Two fields are specific to multi-step agents: next_steps controls transitions (covered below), and reentry_step picks which step the session resumes at when a new user message arrives on a later turn. Without reentry_step, re-entry happens at whichever step the prior turn ended on — usually fine, but set it explicitly when you want every new user turn to start from (say) a triage step.

An output_parser of structured tells the step to emit JSON instead of free-form text. This pairs especially well with next_steps: a classifier step emits { "intent": "sales" } and a downstream step routes on get('$.output.intent') without string parsing. See Structured outputs for the schema format.

Transitions

The next_steps array on a step is evaluated after the step's LLM turn completes. Each entry has a step_name and an optional condition; the first matching condition wins, and a next_steps entry with no condition is the catch-all. If nothing matches, the agent ends the turn in the current step.

Conditions are UserFn expressions using the get() function with JSONPath. The context exposes four top-level keys:

{
"agent": { ... },
"session": { ... },
"tools": { "<tool_config_name>": { "outputs": { "latest": { } } } },
"output": { ... }
}

Agent and session metadata you set elsewhere is reachable under $.agent.metadata.* and $.session.metadata.*. The most recent call of any tool the step used lives at $.tools.<name>.outputs.latest. $.output is the LLM output of the current step — a text field under the default parser, or your JSON fields directly under $.output with a structured parser.
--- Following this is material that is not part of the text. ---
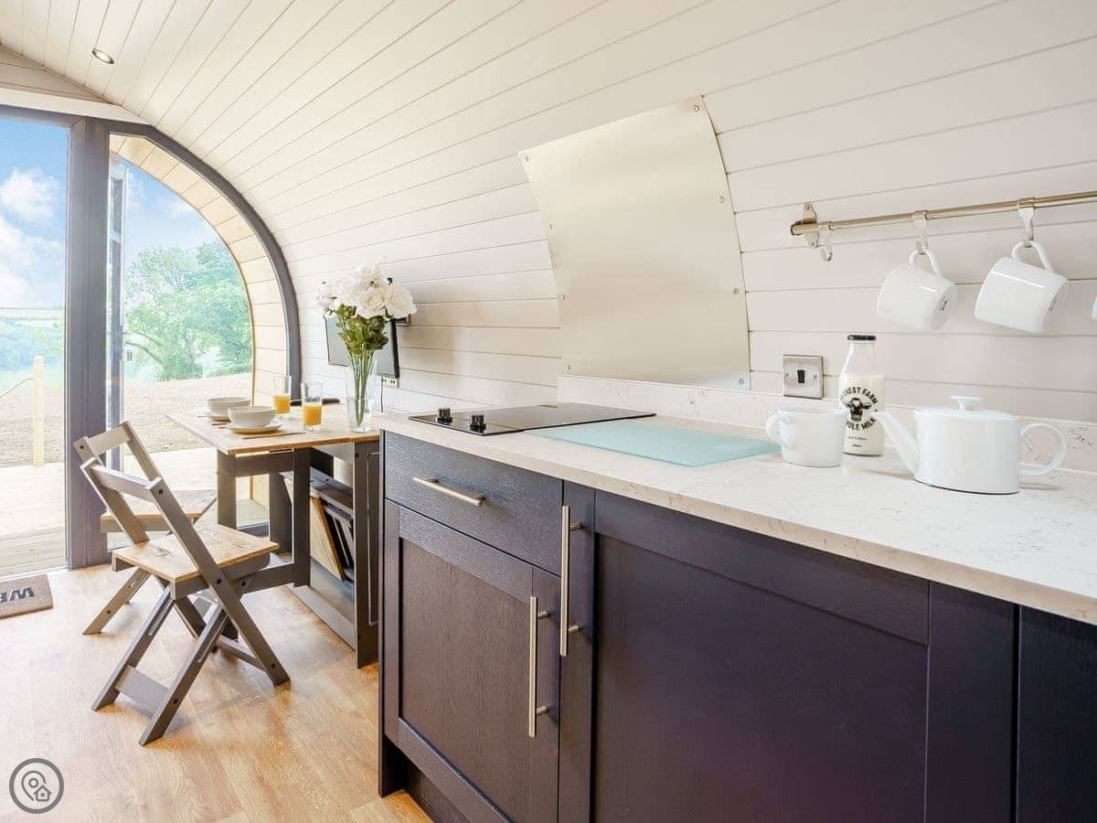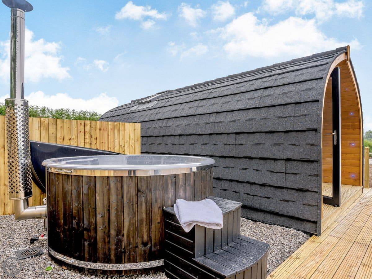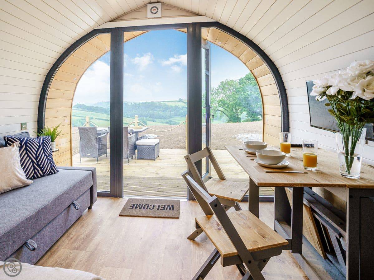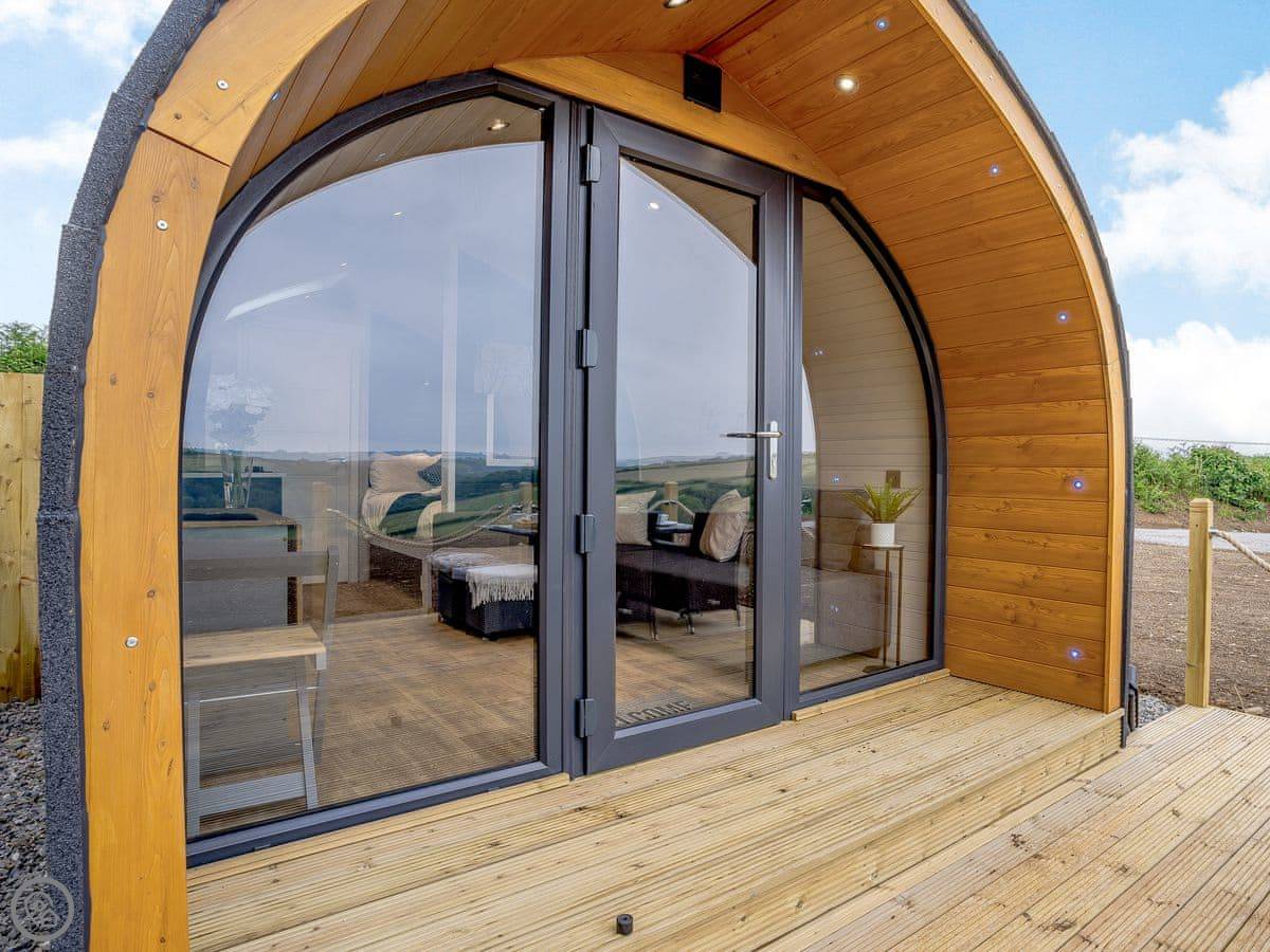You're in the fields here. There are a couple of other pods nearby but they're spaced out. It's quiet. The lanes are good for walks straight from the door.

get('$.output.intent') == 'sales'
get('$.session.metadata.tier') == 'enterprise' and get('$.output.urgent') == true

next_steps are evaluated once, after the step's final text turn — not between tool calls within a step.
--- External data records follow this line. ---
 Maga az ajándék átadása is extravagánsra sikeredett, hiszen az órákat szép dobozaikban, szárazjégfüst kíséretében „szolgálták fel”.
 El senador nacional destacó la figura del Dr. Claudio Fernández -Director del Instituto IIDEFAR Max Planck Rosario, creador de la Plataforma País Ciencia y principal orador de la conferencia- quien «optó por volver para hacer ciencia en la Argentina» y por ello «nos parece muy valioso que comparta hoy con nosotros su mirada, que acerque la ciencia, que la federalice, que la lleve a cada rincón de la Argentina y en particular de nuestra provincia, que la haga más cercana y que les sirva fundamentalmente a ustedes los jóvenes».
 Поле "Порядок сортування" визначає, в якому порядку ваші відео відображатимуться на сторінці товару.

Session history across steps

When the agent transitions between steps, the session history is preserved in full. The new step sees all prior user messages, agent outputs, tool calls, and tool outputs — it just applies a different system prompt on top of them. This is the main thing that distinguishes steps from sub-agents, which run with a fresh history.

When to reach for steps

Typical uses:

  • Classification and routing. A classifier step reads the user input, decides which specialist step should handle the rest, and transitions.
  • Phase-structured workflows. An investigation that genuinely has distinct gather → analyze → report phases, where each phase benefits from different guidance and tool access.
  • Gated escalation. A support step that transitions to an escalate_to_human step once a condition is met.
  • Plan-then-execute. See the dedicated section below.

Plan-then-execute

A plan step with read-only tools produces a structured plan and writes it to an artifact via artifact_create. An execute step with write access calls artifact_read to load the plan and carries it out. Front-loading the thinking keeps the implementation turns focused and leaves a durable plan the agent can re-read on later turns. This is the same pattern Claude Code's plan mode uses.

{
"first_step_name": "plan",
"steps": {
"plan": {
"instructions": [{ "type": "inline", "template": "Produce a plan. Do not act. Call artifact_create with the plan." }],
"allowed_tools": ["artifact_create", "search"],
"next_steps": [{ "step_name": "execute" }]
},
"execute": {
"instructions": [{ "type": "inline", "template": "Call artifact_read to load the plan, then carry it out." }],
"allowed_tools": ["artifact_read", "write_file"]
}
}
}

When not to use steps:

  • If the phases differ only in tone or style, a single step with good instructions is simpler.
  • If you want isolated context for a side task, use a sub-agent.
  • If you just need to remind the agent of something as the session grows, use a reminder.

Limits

A single session turn can transition between steps at most 500 times before the platform stops execution with a step_transition_limit_exceeded event. In practice this only triggers when two steps ping-pong at each other via mis-written conditions — a real workflow rarely crosses a dozen transitions. Treat the ceiling as a loop-breaker, not a budget to spend.

Transitions run serially; an agent is never in two steps at once. Use sub-agents when you need parallel work.